In Massachusetts, 812 startups raised $16 billion last year, 26 percent less than startups raised in 2022, according to an annual report from PitchBook and the National Venture Capital Association. It was the second year in a row of contraction for the VC market and the lowest amount raised since 2019, when 871 startups raised $11.9 billion.

The market has slowed since the peak in 2021, when local startups raised $34.3 billion, as higher interest rates and volatility in publicly traded tech stocks scared away investors. The meltdown in crypto, with the collapse of FTX in 2022, didn’t help matters.

Other states suffered similar slowdowns. California startups raised $80.1 billion last year, 20 percent less than in 2022. And in New York, startups raised $23.4 billion, down 23 percent.

The largest Massachusetts deals in 2023 were dominated by biotech and climate tech startups. Battery-tech firm Ascend Elements in Westborough ranked first with its $542 million deal in September. Biotech accelerator Curie.Bio in Cambridge ranked second, raising $520 million in February.

Local startups also got in on the generative AI craze kicked off by the popularity of OpenAI’s ChatGPT app. Twenty-two local companies working on generative AI raised $635 million last year, according to PitchBook data, almost 10 times the $75 million raised in 2022.

The largest generative AI companies, however, are based elsewhere, including OpenAI and Anthropic in San Francisco, Jasper in Austin, Texas, and Stability AI in London. Instead of developing core technologies, most Boston AI startups are building on the region’s strengths in healthcare, finance, and corporate software.

That’s a promising strategy, PitchBook senior analyst Derek Hernandez said. “With the explosive introduction of ChatGPT-3 and later models, traditional enterprise software solutions have been upended with enormous promises of new horizons ahead,” Hernandez noted in the report. “Many startups have the potential to become major disruptors in this new landscape.”

Two large deals accounted for most of 2023′s gen-AI haul locally. Generate Biomedicines, a Cambridge startup using gen AI for drug discovery, raised $273 million in September. And quantum software startup Zapata AI announced it was merging with a blank-check company the same month in a deal that valued the company at $200 million.
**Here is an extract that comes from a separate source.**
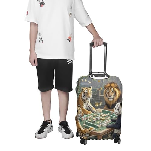 Divine Beasts Playing Mahjong Luggage Cover, Elastic Luggage Protector Fits 19-32in Suitcases, Washable & Anti-Scratch Suitcase Cover for Men Women XL 1
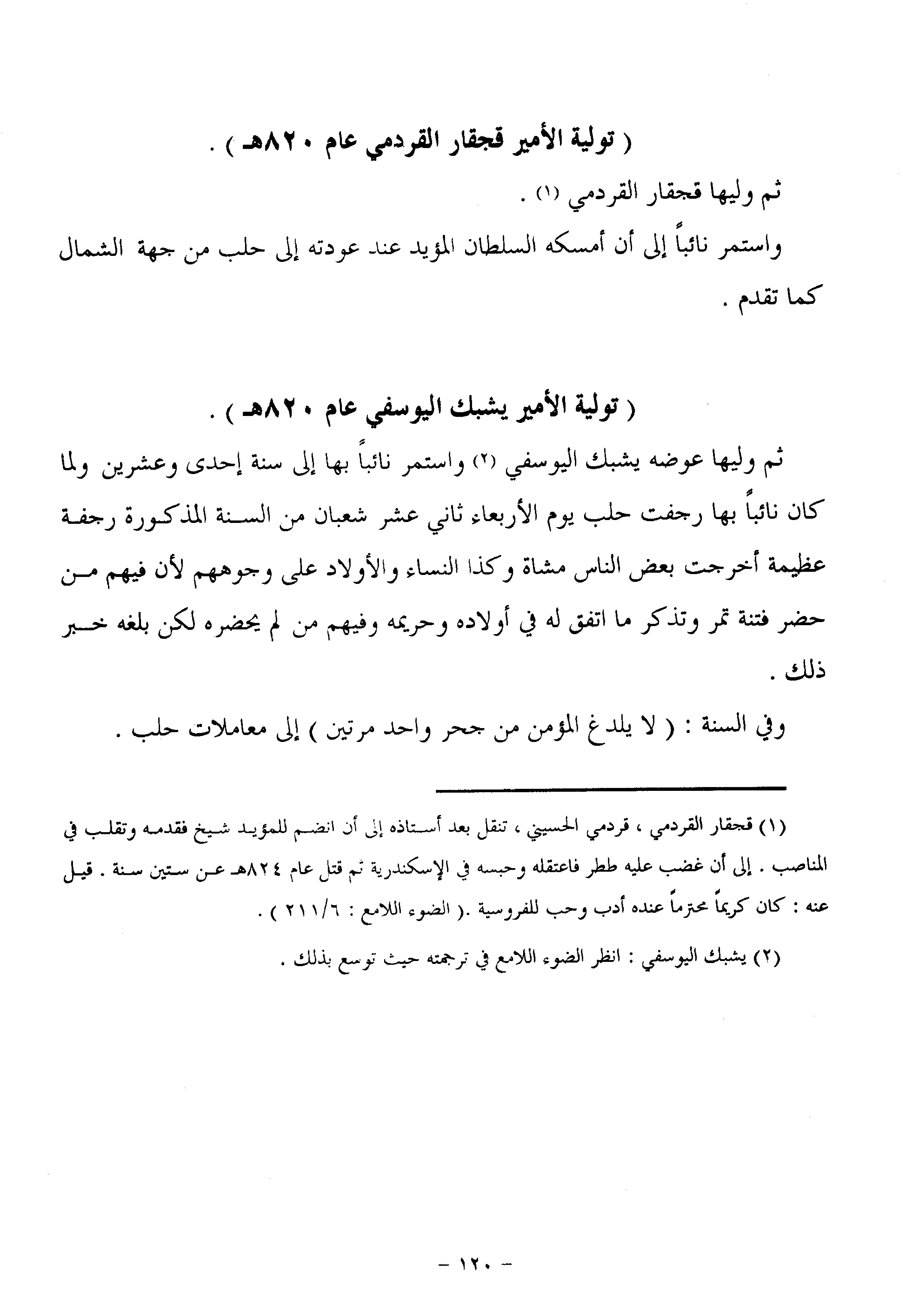 وفي السنة: (لا يلدغ المؤمن من جحر واحد مرتين) إلى معاملات حلب.

The third-largest AI deal could end up as the most significant in the future. MIT spin out Liquid AI, which is building smaller, more efficient AI software models, raised $37.5 million in December. Another significant deal, optical computing startup Lightmatter raising $155 million in December, wasn’t counted in the gen AI category but the company’s tech is applicable to speeding up AI computing.

Other local startups using generative AI to build their own applications: Video-captioning company Captions raised $25 million in June, business analytics software company Akkio raised $15 million in January, and AI workplace software developer Akooda raised $11 million in July.